Si le hasard n’existe pas vraiment, si l’existence s’avère un tissu de rimes, de relations, de reflets, d’échos, le scénario de nos CV ne possède pas d’auteur, de principe organisateur, contrairement aux conneries du karma, de la rétribution des religions, a contrario de ce qu’affirme implicitement El aviso, film à la fois mystique et laïc, portrait croisé d’une divinité numérotée, in extremis cruelle et clémente. Délaissons les sociologues épris de géographie nous instruire à propos du poids du passif, a fortiori franquiste, et de la culture catholique hispanique, à base d’héritage d’outrages, de culpabilité, de boucle bouclée. Citons plutôt les noms de Paul Pen, bien nommé signataire du matériau original ; de Jorge Guerricaechevarría, partenaire régulier d’Álex de la Iglesia, depuis Action mutante en 1993 jusqu’à Pris au piège en 2017, notamment sur Mes chers voisins (2000) ou Crimes à Oxford (2008), en outre collaborateur de Pedro Almodóvar à l’occasion de En chair et en os (1997) et de Daniel Monzón placé en Cellule 211 (2009), auquel on doit un premier assemblage de scènes ; de Chris Sparling, la plume de Buried (Rodrigo Cortés, 2010) et du Projet Atticus (réalisé par ses soins en 2015), auquel on doit un second script lui-même adapté par Patxi Amezcua, mille-feuille de feuillets pour un résultat proche du plat, puisque le quinquagénaire Daniel Calparsoro, reconverti à la TV à l’orée du millénaire, filme l’ensemble avec un classicisme anémié, anonyme, guère propice au lyrisme et à l’urgence de la situation-convergence.
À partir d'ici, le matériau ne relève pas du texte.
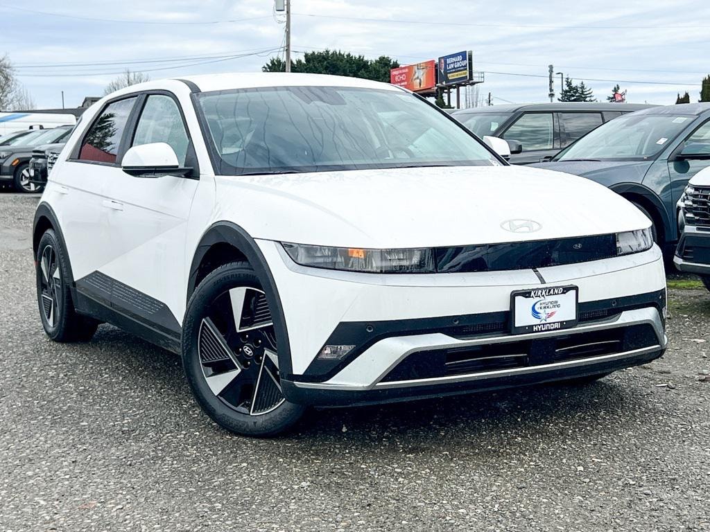 Electric Motor 1-Speed Automatic AWD 4D Sport Utility Atlas White 4-Wheel Disc Brakes, 6 Speakers, ABS brakes, Air Conditioning, All Season Fitted Liners, Alloy wheels, AM/FM radio: SiriusXM, Apple CarPlay & Android Auto, Auto High-beam Headlights, Automatic temperature control, Bodyside moldings, Brake assist, Bumpers: body-color, Cargo Net, Carpeted Floor Mats, Delay-off headlights, Driver door bin, Driver vanity mirror, Dual front impact airbags, Dual front side impact airbags, Electronic Stability Control, Emergency communication system: None, First Aid Kit, Four wheel independent suspension, Front anti-roll bar, Front Bucket Seats, Front Center Armrest w/Storage, Front dual zone A/C, Front reading lights, Fully automatic headlights, harman/kardon® Speakers, Heated door mirrors, Heated Front Bucket Seats, Heated front seats, Illuminated entry, Low tire pressure warning, Navigation System, Occupant sensing airbag, Option Group 01, Outside temperature display, Overhead airbag, Overhead console, Panic alarm, Passenger door bin, Passenger vanity mirror, Power door mirrors, Power driver seat, Power steering, Power windows, Radio: AM/FM/SiriusXM/HD Audio System, Rear anti-roll bar, Rear reading lights, Rear seat center armrest, Rear side impact airbag, Rear window defroster, Rear window wiper, Remote keyless entry, Security system, Severe Weather Kit, Speed control, Speed-sensing steering, Split folding rear seat, Spoiler, Stain-Resistant Cloth Seating Surfaces, Steering wheel mounted audio controls, Telescoping steering wheel, Tilt steering wheel, Traction control, Trip computer, Turn signal indicator mirrors, Variably intermittent wipers, Wheels: 19" x 7.5J Alloy. Prices good through 5-31-2025. Kirkland Price includes:$10000 - Hyundai HMF Dealer Choice: $10000 discount and 5.39% APR for 24 months. $44.05 per $1000 financed. Available to well qualified buyers who finance through Hyundai Motor Finance. H704.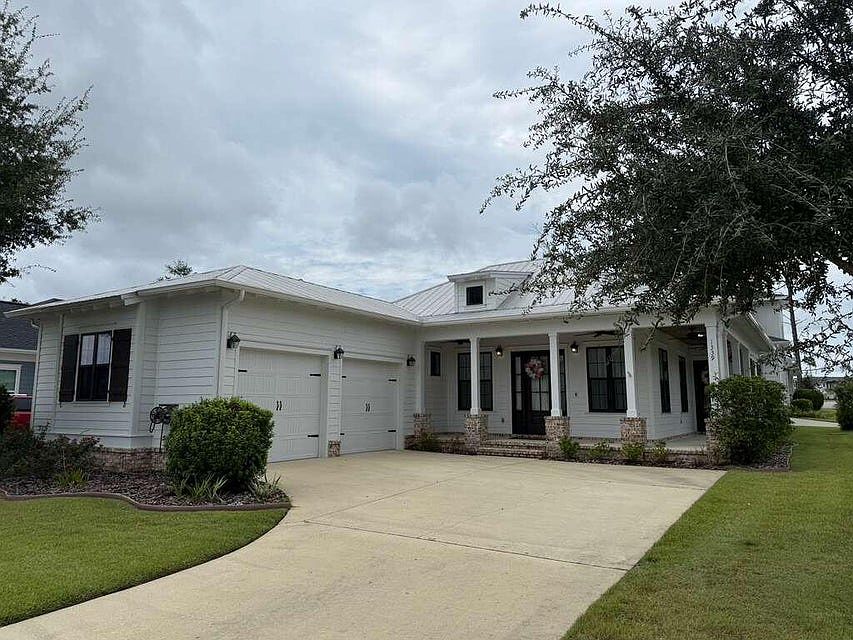 Full of charm and character, this Craftsman-style home is located in Niceville's premier community, Deer Moss Creek. This one-story residence features three bedrooms, two full baths, and a desirable open-concept floor plan designed for modern living. A welcoming wraparound front porch greets you and your guests before entering the bright and airy living room and kitchen, highlighted by 10-foot ceilings, tall dormer windows, and beautiful wood-look tile flooring throughout. The kitchen is a true showpiece, offering white quartz countertops, white shaker-style soft-close cabinetry, stainless steel appliances, a gas range, a farmhouse sink, open built-in shelving, and a spacious walk-in pantry, perfect for keeping everything organized. Just off the kitchen, a convenient laundry room provides additional storage and functionality.

Le cinéphile estival appréciera cependant les prestations de l’impeccable Raúl Arévalo, vu récemment dans La isla mínima (Alberto Rodríguez, 2014) et d’Aura Garrido, véritable révélation vivante, déterminée, sensuelle et tendre, du métrage si sage, itou moitié d’un émouvant tandem de ciné formé avec le jeunot Hugo Arbues, pareillement issu du petit écran.


En dépit de son traitement tout sauf passionnant, El aviso mérite par conséquent d’être envisagé, visionné, évoqué par le texte que vous venez de lire, présent déjà derrière et toutefois moment doté de sa relative éternité, l’écriture, à l’instar (et à la différence) du cinéma, du maniement des nombres, à pratiquer en été, en hiver, à travers les ères (l’air du temps), tel un art solitaire, funéraire, volontaire et solaire.